Ultrafast Detection of Small Molecules Using a U-Shaped Transmission Terminal and Straight Plasmonic Sensing Region Fiber Probe Biokinetic Platform: A Case Study of Label-Free Hcy Detection via Indirect Competitive Immunoassay

Immunoassays face significant challenges, including the precise measurement of small molecules, rapid testing, and background interference. This study constructs a biokinetic sensing platform using a late-model plasmonic fiber probe that incorporates an indirect competitive immunoassay system on its surface for the rapid detection of target small molecules. Our plasmonic fiber probe transforms the conventional online transmission-type fiber surface plasmon resonance (SPR) into a probing structure with a U-shaped fiber termination, preserving the high performance of a straight fiber SPR sensing region and enabling direct sample detection via an insertable probe.

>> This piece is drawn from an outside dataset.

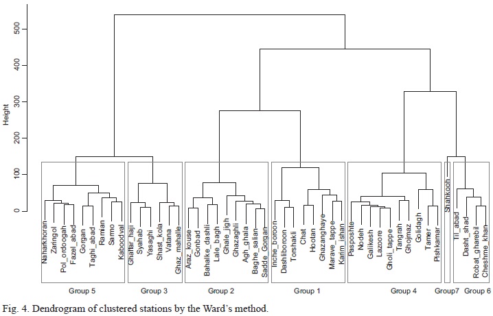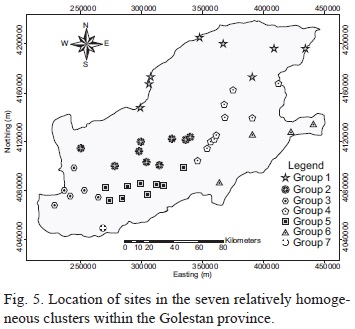 Due to the complex geographic and hydro-climatological characteristics of the region, an important research issue focused on breaking down the large area into homogeneous and coherent sub-regions. The area of the Golestan province was divided into five homogeneous regions, based on the cluster analysis of site characteristics and tests for regional homogeneity. The site characteristics utilized in this study enabled relatively homogeneous regions of extreme rainfall within Golestan to be easily identified, with minor subjective interventions. Nevertheless, followed by the recommendation by Kysely et al. (2007) it should be noted that, since the regions configured are not only homogeneous as to the statistical characteristics of extreme rainfalls, but also reflect climatological differences in precipitation regimes and synoptic patterns causing heavy precipitation, their future application may not be limited to the frequency analysis of extremes.

Taking the detection of homocysteine (Hcy), a key indicator of cardiovascular diseases, as an example, our fiber probe has achieved rapid immunoassay for small molecules within 10 s while eliminating background interference by measuring target molecular binding rates. The probe sensitively identifies concentration gradients based on binding rates, even in serum, demonstrating high selectivity. The Hcy detection range is 0 to 100 μM, covering low to high abnormal concentrations typically observed in humans, with a detection limit of 2.23 nM. This fiber-optic kinetic method provides rapid, accurate Hcy testing; and multichannel networked potential for various small molecules, macromolecules, and genes detection.